## Directions for this task
Write out the records in full and without alteration, setting aside their pictures.

## Dataset
-.-.-
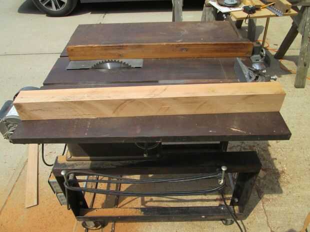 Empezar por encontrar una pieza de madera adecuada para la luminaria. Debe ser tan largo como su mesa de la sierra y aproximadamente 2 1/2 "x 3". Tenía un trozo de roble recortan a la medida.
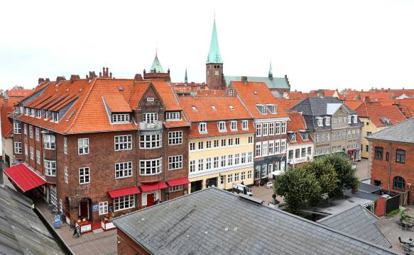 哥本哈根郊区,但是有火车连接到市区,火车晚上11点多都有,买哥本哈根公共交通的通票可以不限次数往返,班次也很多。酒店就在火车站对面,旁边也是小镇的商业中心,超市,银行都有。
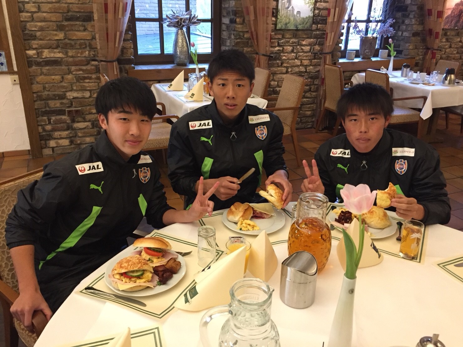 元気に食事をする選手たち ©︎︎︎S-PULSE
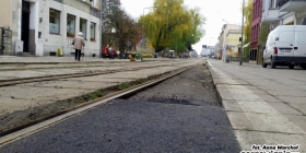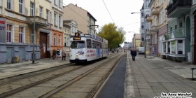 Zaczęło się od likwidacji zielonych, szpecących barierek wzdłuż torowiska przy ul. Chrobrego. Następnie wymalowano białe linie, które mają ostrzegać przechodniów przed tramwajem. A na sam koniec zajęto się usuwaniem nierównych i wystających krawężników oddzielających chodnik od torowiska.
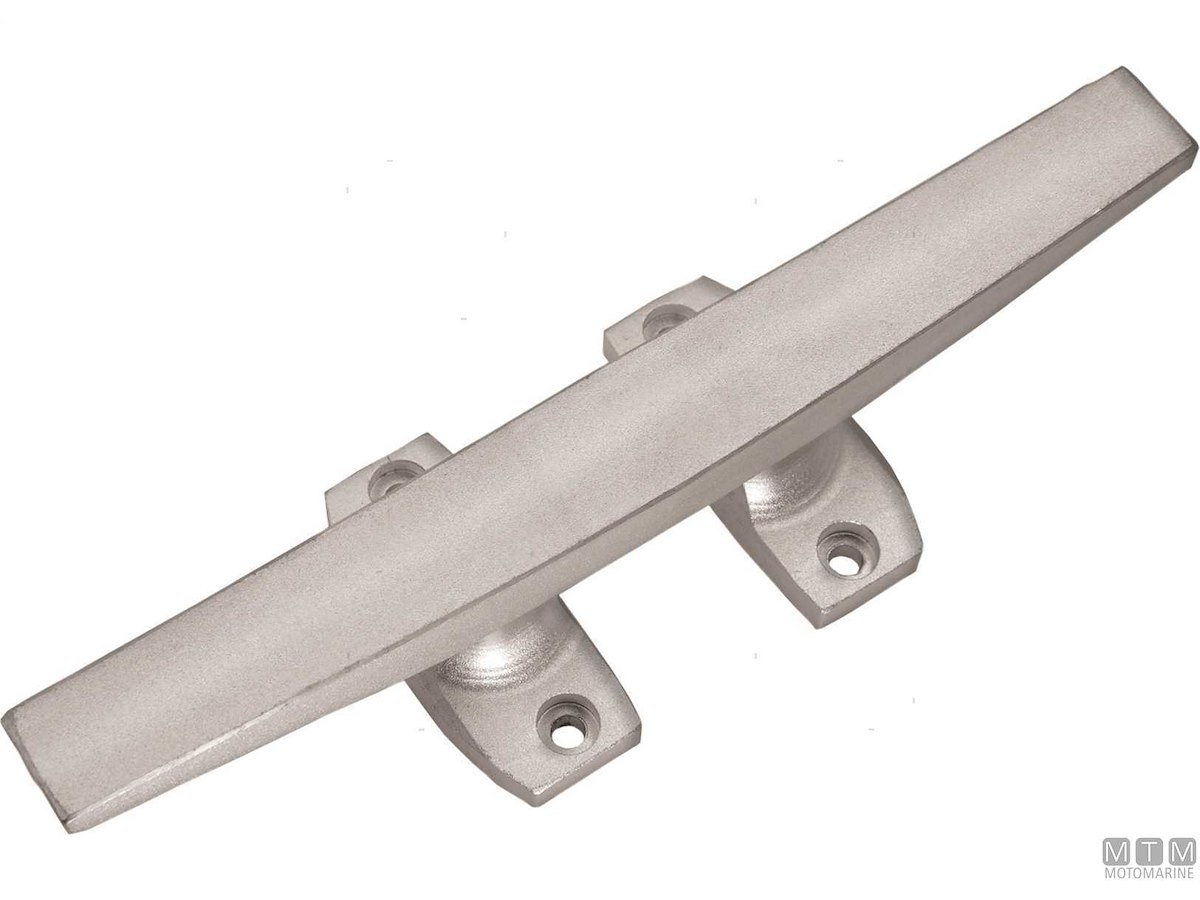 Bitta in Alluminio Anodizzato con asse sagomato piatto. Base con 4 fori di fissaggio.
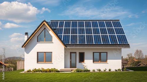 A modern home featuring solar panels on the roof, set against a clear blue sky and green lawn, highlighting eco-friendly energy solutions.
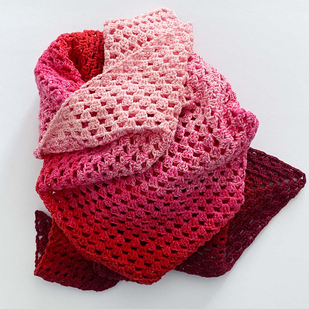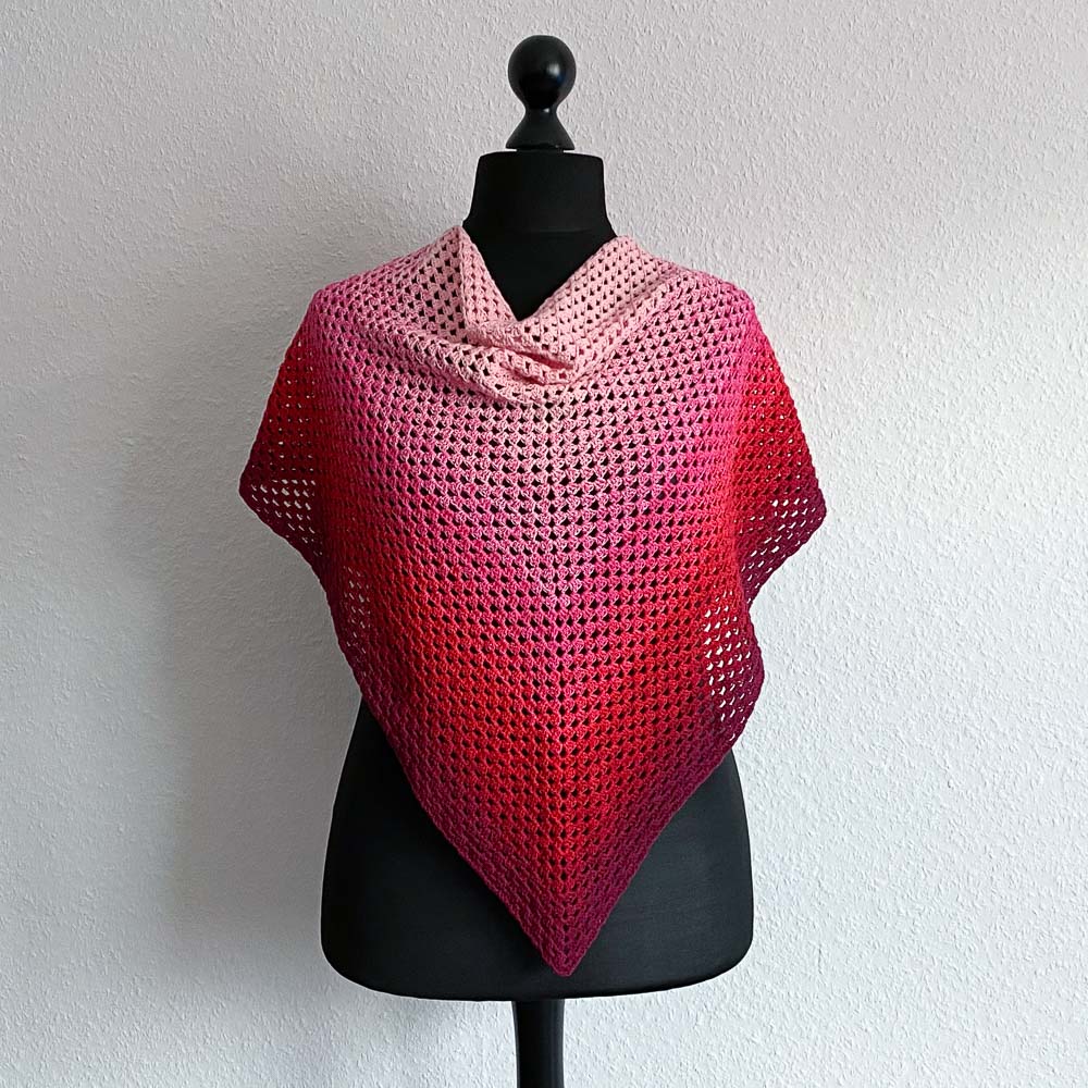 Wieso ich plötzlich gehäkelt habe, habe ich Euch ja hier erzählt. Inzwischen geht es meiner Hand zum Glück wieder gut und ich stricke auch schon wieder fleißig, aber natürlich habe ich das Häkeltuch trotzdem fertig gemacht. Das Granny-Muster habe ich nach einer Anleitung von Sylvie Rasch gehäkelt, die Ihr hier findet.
-.-.-
## Response below
 Empezar por encontrar una pieza de madera adecuada para la luminaria. Debe ser tan largo como su mesa de la sierra y aproximadamente 2 1/2 "x 3". Tenía un trozo de roble recortan a la medida.
 哥本哈根郊区,但是有火车连接到市区,火车晚上11点多都有,买哥本哈根公共交通的通票可以不限次数往返,班次也很多。酒店就在火车站对面,旁边也是小镇的商业中心,超市,银行都有。
 元気に食事をする選手たち ©︎︎︎S-PULSE
 Zaczęło się od likwidacji zielonych, szpecących barierek wzdłuż torowiska przy ul. Chrobrego. Następnie wymalowano białe linie, które mają ostrzegać przechodniów przed tramwajem. A na sam koniec zajęto się usuwaniem nierównych i wystających krawężników oddzielających chodnik od torowiska.
 Bitta in Alluminio Anodizzato con asse sagomato piatto. Base con 4 fori di fissaggio.
 A modern home featuring solar panels on the roof, set against a clear blue sky and green lawn, highlighting eco-friendly energy solutions.
 Wieso ich plötzlich gehäkelt habe, habe ich Euch ja hier erzählt. Inzwischen geht es meiner Hand zum Glück wieder gut und ich stricke auch schon wieder fleißig, aber natürlich habe ich das Häkeltuch trotzdem fertig gemacht. Das Granny-Muster habe ich nach einer Anleitung von Sylvie Rasch gehäkelt, die Ihr hier findet.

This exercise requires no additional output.